We are now going to look at modern regularization techniques such as drop out. Dropout is a technique developed by Geoff Hinton and team. Up until we have worked with the following types of regularization:
L1 regularization encourages weights to be sparse, aka most weights being equal to 0. L2 regularization encourages most weights to be small, aka approximately equal to 0.
$$L_{regularized} = L_{likelihood} + \lambda|\theta|^p$$In contrast to L1 and L2 regularization, Dropout does not add any penalty term to the cost. Instead, it works in a totally different way. Specifically, dropout works by dropping random nodes in the neural network during training.

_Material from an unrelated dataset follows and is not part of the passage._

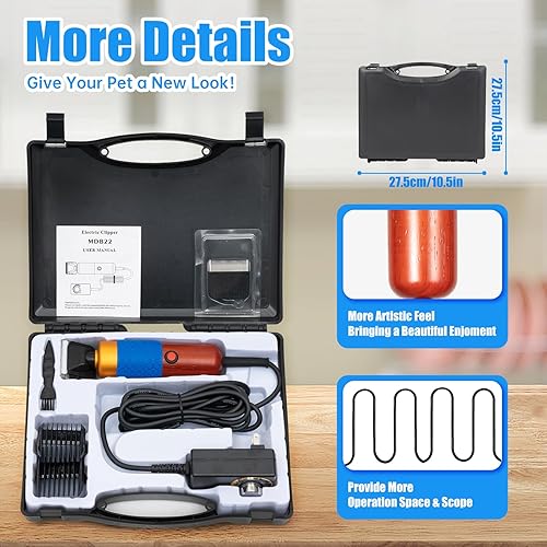 TAKE THE COMPLETE KIT ANYWHERE: Two dual-length guide combs (⅛ in, ¼ in, ⅜ in, ½ in), a spare blade, a cleaning brush, and a rugged carrying case keep everything organized for travel; beginners should follow the included instructions or consult a professional to avoid injuring animals.

This has the effect of making it so that any hidden layer unit cannot just rely on 1 input feature, because at any time that node could be dropped.
We will see that dropout emulates an ensemble of neural networks. What exactly is meant by ensemble? Well, remember how we mentioned we would be dropping some nodes in the neural network. We can imagine that instead of just randomly dropped nodes during training, we could actually create several instances of neural networks with these different structures and train them all. Then, to calculate the final prediction, we could average the predictions of each individual neural network.
Pseudocode
prediction1 = neuralNetwork1.predict(X)
prediction2 = neuralNetwork2.predict(X)
prediction3 = neuralNetwork3.predict(X)
finalPrediction = mean(prediction1, prediction2, prediction3)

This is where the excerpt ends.